Marcus West

Tampa Bay Buccaneers
- Title: Defensive line coach

Personal information
- Born: November 6, 1983 (age 42) Amory, Mississippi, U.S.
- Listed height: 6 ft 3 in (1.91 m)
- Listed weight: 280 lb (127 kg)

Career information
- Position: Defensive tackle (No. 60, 43, 97)
- High school: Columbus (MS)
- College: Memphis
- NFL draft: 2006: undrafted

Career history

Playing
- Indianapolis Colts (2006)*; Amsterdam Admirals (2007); Hamilton Tiger-Cats (2007);
- * Offseason or practice squad member only

Coaching
- Wartburg (2008) Defensive line coach; Chattanooga (2009–2015) Defensive line coach; Austin Peay (2016–2017) Assistant head coach, co-defensive coordinator & defensive line coach; Minnesota (2018) Defensive line pass rush specialist; Charlotte (2019–2021) Assistant head coach, co-defensive coordinator & defensive line coach; Buffalo Bills (2022–2023) Assistant defensive line coach; Buffalo Bills (2024–2025) Defensive line coach; Tampa Bay Buccaneers (2026–present) Defensive line coach;

Career CFL statistics
- Games played: 5
- Total tackles: 5

= Marcus West =

American football player and coach (born 1983)

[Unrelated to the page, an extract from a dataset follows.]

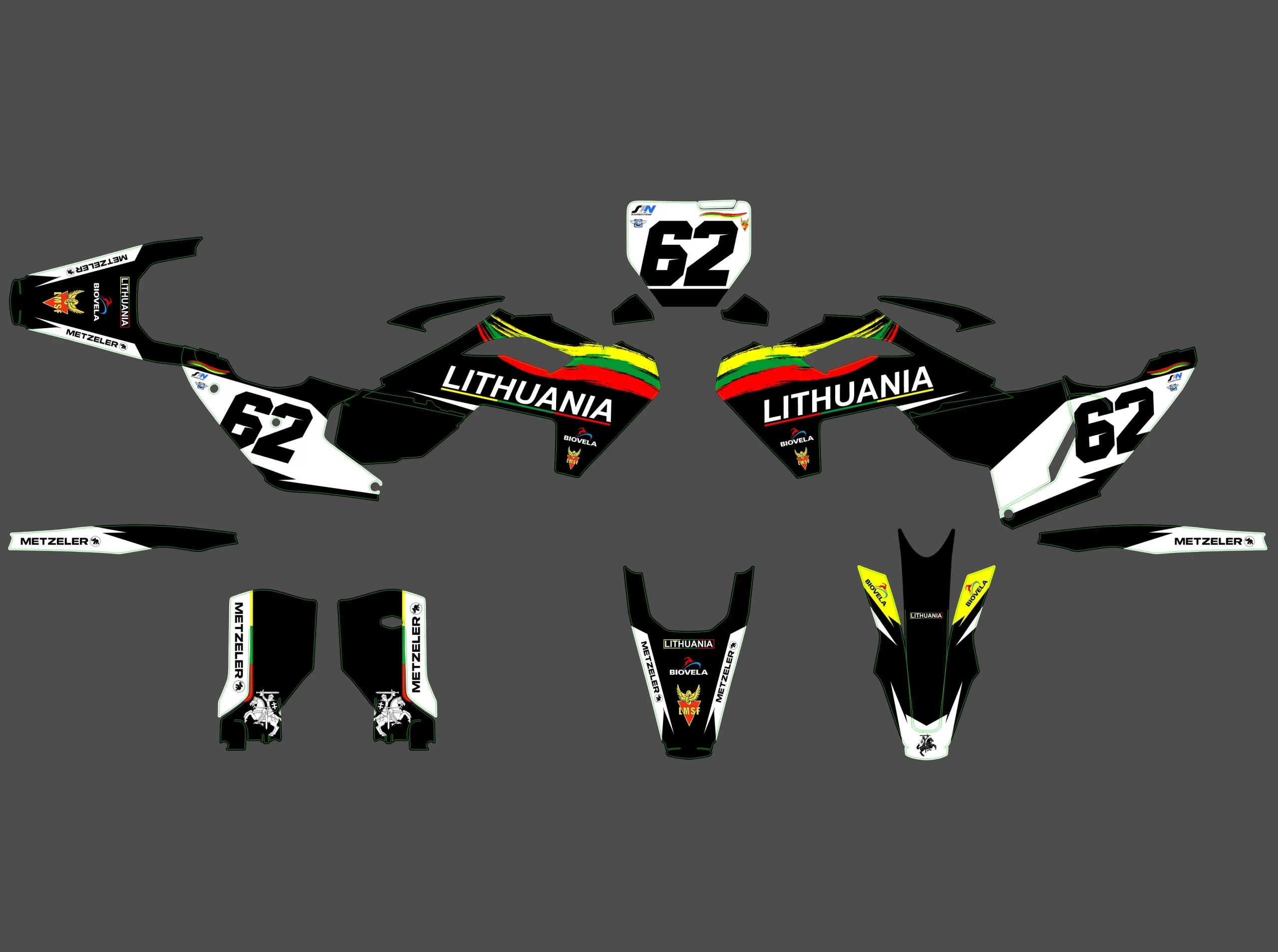Avec le Kit déco Husqvarna TE / FE (2024-2025) – Lithuania, votre moto devient unique et vous aussi. Alors qu’attendez-vous pour donner du style à votre moto ? ????️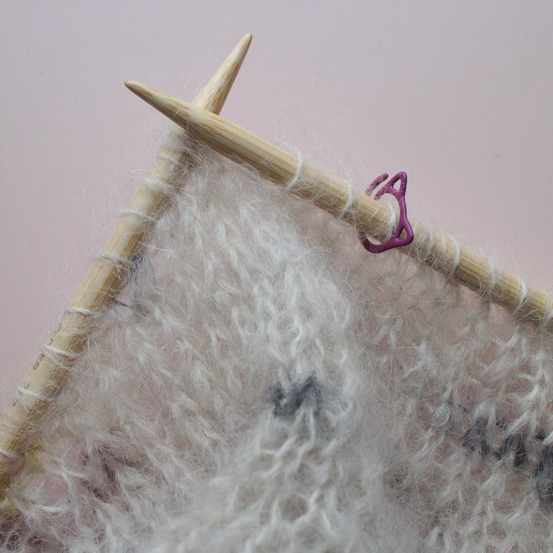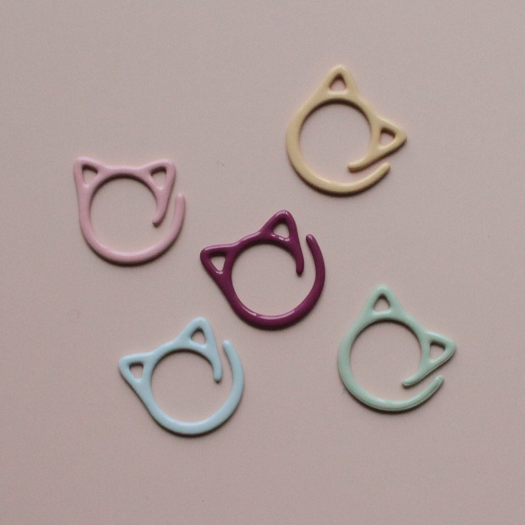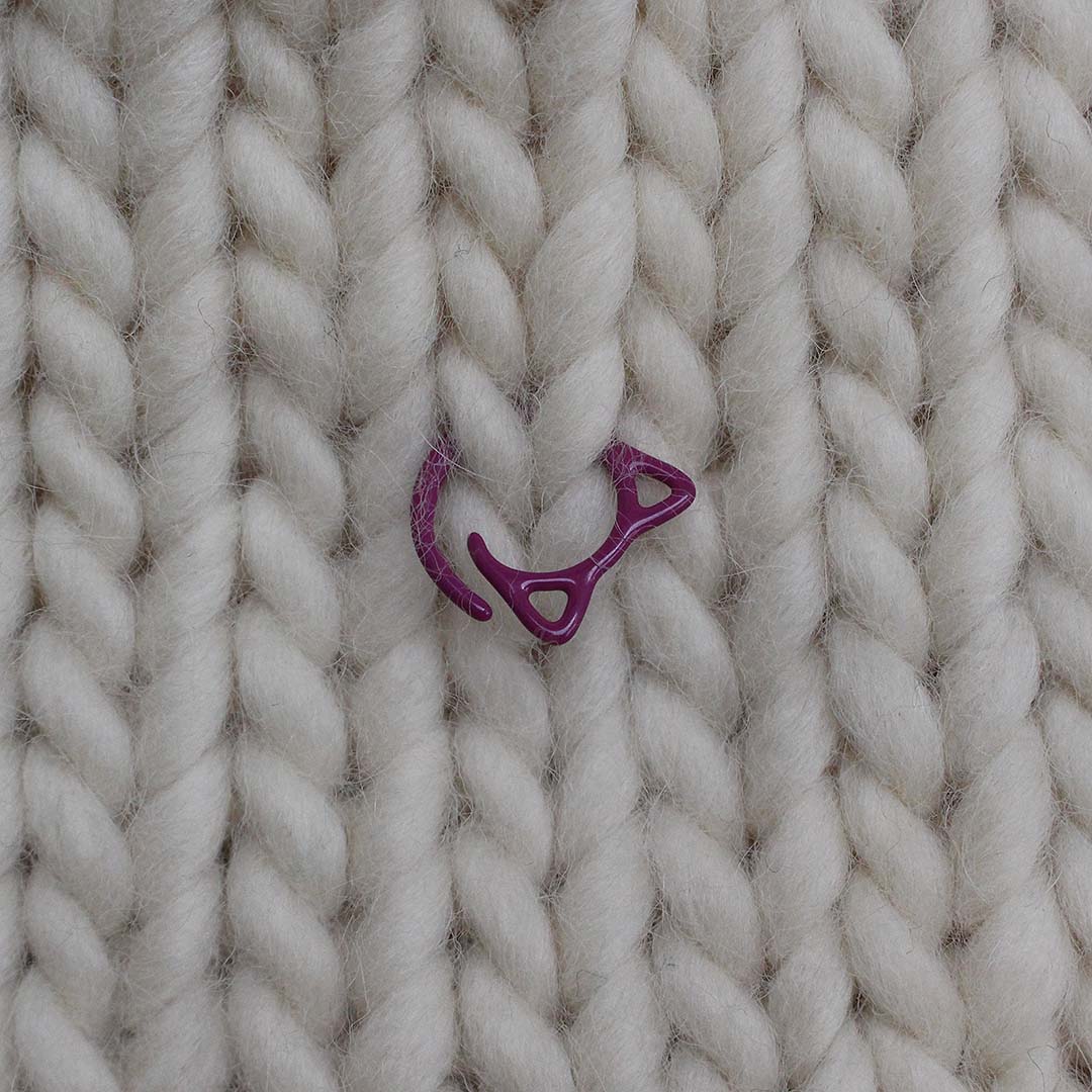「Neko」は編地にひっかけることができるので「段数リング」として、また大きめサイズの棒針で編むときの「目数リング」にも活用できます。

Marcus West (born November 6, 1983) is an American football coach and former defensive tackle who is the defensive line coach for the Tampa Bay Buccaneers of the National Football League (NFL). Prior to being hired by the Buffalo Bills as the assistant defensive line coach, he was the co-defensive coordinator and defensive line coach at the University of North Carolina at Charlotte. He played for the Indianapolis Colts, Amsterdam Admirals, and Hamilton Tiger-Cats before getting into coaching. He was promoted to defensive line coach of the Bills ahead of the 2024 season, following Eric Washington’s departure to become the defensive coordinator of the Chicago Bears.

== Coaching career ==
West began his coaching career at Wartburg College as a defensive line coach before going on to Chattanooga as a defensive line coach. He joined the coaching staff of fellow Chattanooga assistant Will Healy at Austin Peay in 2016 as a co-defensive coordinator and defensive line coach.

=== Minnesota ===
West was added to the coaching staff at Minnesota in 2018 as a defensive line pass rush specialist.

=== Charlotte ===
West joined Healy's inaugural staff at Charlotte in 2019 as his assistant head coach and co-defensive coordinator.

=== Buffalo Bills ===
On February 24, 2022, the Buffalo Bills hired West as their assistant defensive line coach, replacing Jacques Cesaire, who left to become the defensive line coach for the Houston Texans.
On February 2, 2024, he was promoted to defensive line coach.

=== Tampa Bay Buccaneers ===
On January 29, 2026, the Tampa Bay Buccaneers hired West to be their defensive line coach.

== Personal life ==
West is married to the former Nikki Blassingame, an assistant on the Chattanooga women's basketball staff who he met while coaching there. Nikki is currently an assistant coach at NC State after spending one season at Charlotte.